Sickened Iraq Vets Cite Depleted Uranium

August 14, 2006
An Associated Press news story that appeared today in over 100 sources nationwide quotes ESPM doctoral student Dan Fahey on the health effects of depleted uranium ammunition on U.S. veterans.


From the Washington Post (*requires registration):

New York -- It takes at least 10 minutes and a large glass of orange juice to wash down all the pills _ morphine, methadone, a muscle relaxant, an antidepressant, a stool softener. Viagra for sexual dysfunction. Valium for his nerves....

There is something massively wrong with Herbert Reed, though no one is sure what it is. He believes he knows the cause, but he cannot convince anyone caring for him that the military's new favorite weapon has made him terrifyingly sick....

Reed believes depleted uranium has contaminated him and his life. He now walks point in a vitriolic war over the Pentagon's arsenal of it _ thousands of shells and hundreds of tanks coated with the metal that is radioactive, chemically toxic, and nearly twice as dense as lead....

A moderate voice on the divisive DU spectrum belongs to Dan Fahey, a doctoral student [in the department of Environmental Science, Policy and Management] at the University of California, Berkeley, who has studied the issue for years and also served in the Gulf War before leaving the military as a conscientious objector.

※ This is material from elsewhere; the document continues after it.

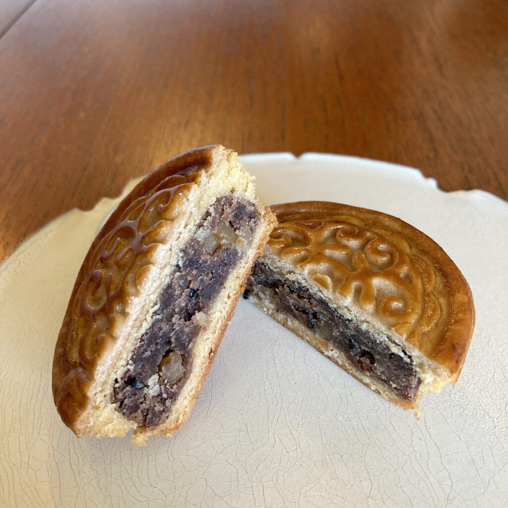中秋節に合わせて期間限定で販売されるウエストの月餅。特徴的なのは、外生地がガレット・デ・ロワをベースにしたオリジナルの生地。サクッと系なのかなと思いきや、思いの外しっとりしていてパサつきなく中の餡とマッチ。ほろほろと崩れる食感を想像していたのですが、絶妙のしっとり具合で柔らかな口溶けが大変美味です。ガレット・デ・ロワというだけあってバターの香りがとても良いのが、さすが洋菓子の老舗、銀座ウエストの焼き菓子といったところ。餡は「塩瀬総本舗」の餡を使用し、胡桃や栗、黒胡麻が配合されていて食感が楽しい餡子です。裏の表示成分を確認してみると黒糖の他にコーヒーという表示もあり、風味良い餡に仕上がっています。

"I've been working on this since '93 and I've just given up hope," he said. "I've spoken to successive federal committees and elected officials ... who then side with the Pentagon. Nothing changes."...

"The bottom line is it's more hazardous than the Pentagon admits," Fahey said, "but it's not as hazardous as the hard-line activist groups say it is. And there's a real dearth of information about how DU affects humans."...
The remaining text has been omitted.